== Exercise data ==
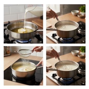 Tiếp đó rây vào nồi 30g bột mì, chỉnh lửa nhỏ, dùng phới đảo nhẹ nhàng 3 – 4 phút cho tới khi bột sánh lại thì tắt bếp.
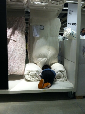 Posted on 2011/12/18 by editorsMake Yourself Right HomeWhile shopping for sheets at IKEA in Japan we found a kid sleeping in the displayShare this: Click to share on X (Opens in new window) X Click to share on Facebook (Opens in new window) Facebook Click to email a link to a friend (Opens in new window) Email Click to print (Opens in new window) Print Click to share on Reddit (Opens in new window) Reddit
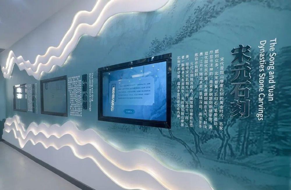 这里像一册被时光翻开的石质诗集,步入展馆,顺着动线缓步而行,开启鼓山千年石刻之旅。迈进展馆,裹着千年墨香的气息扑面而来。序言展墙以 “石因能言尤足珍” 为引,将摩崖石刻的厚重历史娓娓道来。主题艺术浮雕墙立在中央,《鼓山铭》的苍劲字句与 LED 屏里的宣传片相和,让千年前的 “鼓屴崱,峰顶特” 有了生动注脚。转身见竖卷轴造型的发光字,“保护城市历史文化遗产” 的初心与鼓山文脉相融,75 寸触控屏里藏着细碎的时光彩蛋,轻轻一点,便为这场文化之旅拉开序幕。这里是石刻的 “时光长廊”,从北宋到近代的文脉,都记录着八闽大地的文明记忆。156 段石刻串联起千年,三块 LED 触控屏轻轻一点,就能打捞每道刻痕里的时光故事。鼓山崖壁藏着文人 “隔空雅集”:蔡襄题 “忘归石”,百年后赵晋臣续诗应答;朱熹寻友不遇题刻寄思,赵汝愚以 “天风海涛” 相和。陈宝琛筑 “听水斋”,将旷达刻入岩壁。打卡墙上先贤名陈列,游客驻足便成 “同游者”。上世纪老照片里,西方学者仰头观石刻,专注模样藏着对中国文脉的惊叹。一张张影像,记录下石刻艺术的跨文明对话,成了鼓山摩崖走向世界的生动注脚。当数字灵光漫过青石纹理千年前的石刻便在虚拟时空苏醒。这里是 “可触摸的文脉课堂”,让金石技艺从历史里走出来,落在游客掌心。
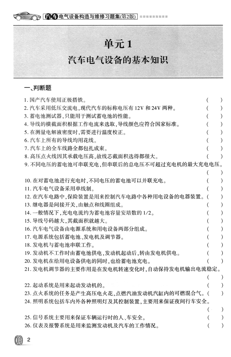 书名:汽车电气设备构造与维修习题集(第二版)
===
### Problem description
The result should be an exact copy of the material, containing no pictures.

### Result of this task
 Tiếp đó rây vào nồi 30g bột mì, chỉnh lửa nhỏ, dùng phới đảo nhẹ nhàng 3 – 4 phút cho tới khi bột sánh lại thì tắt bếp.
 Posted on 2011/12/18 by editorsMake Yourself Right HomeWhile shopping for sheets at IKEA in Japan we found a kid sleeping in the displayShare this: Click to share on X (Opens in new window) X Click to share on Facebook (Opens in new window) Facebook Click to email a link to a friend (Opens in new window) Email Click to print (Opens in new window) Print Click to share on Reddit (Opens in new window) Reddit
 这里像一册被时光翻开的石质诗集,步入展馆,顺着动线缓步而行,开启鼓山千年石刻之旅。迈进展馆,裹着千年墨香的气息扑面而来。序言展墙以 “石因能言尤足珍” 为引,将摩崖石刻的厚重历史娓娓道来。主题艺术浮雕墙立在中央,《鼓山铭》的苍劲字句与 LED 屏里的宣传片相和,让千年前的 “鼓屴崱,峰顶特” 有了生动注脚。转身见竖卷轴造型的发光字,“保护城市历史文化遗产” 的初心与鼓山文脉相融,75 寸触控屏里藏着细碎的时光彩蛋,轻轻一点,便为这场文化之旅拉开序幕。这里是石刻的 “时光长廊”,从北宋到近代的文脉,都记录着八闽大地的文明记忆。156 段石刻串联起千年,三块 LED 触控屏轻轻一点,就能打捞每道刻痕里的时光故事。鼓山崖壁藏着文人 “隔空雅集”:蔡襄题 “忘归石”,百年后赵晋臣续诗应答;朱熹寻友不遇题刻寄思,赵汝愚以 “天风海涛” 相和。陈宝琛筑 “听水斋”,将旷达刻入岩壁。打卡墙上先贤名陈列,游客驻足便成 “同游者”。上世纪老照片里,西方学者仰头观石刻,专注模样藏着对中国文脉的惊叹。一张张影像,记录下石刻艺术的跨文明对话,成了鼓山摩崖走向世界的生动注脚。当数字灵光漫过青石纹理千年前的石刻便在虚拟时空苏醒。这里是 “可触摸的文脉课堂”,让金石技艺从历史里走出来,落在游客掌心。
 书名:汽车电气设备构造与维修习题集(第二版)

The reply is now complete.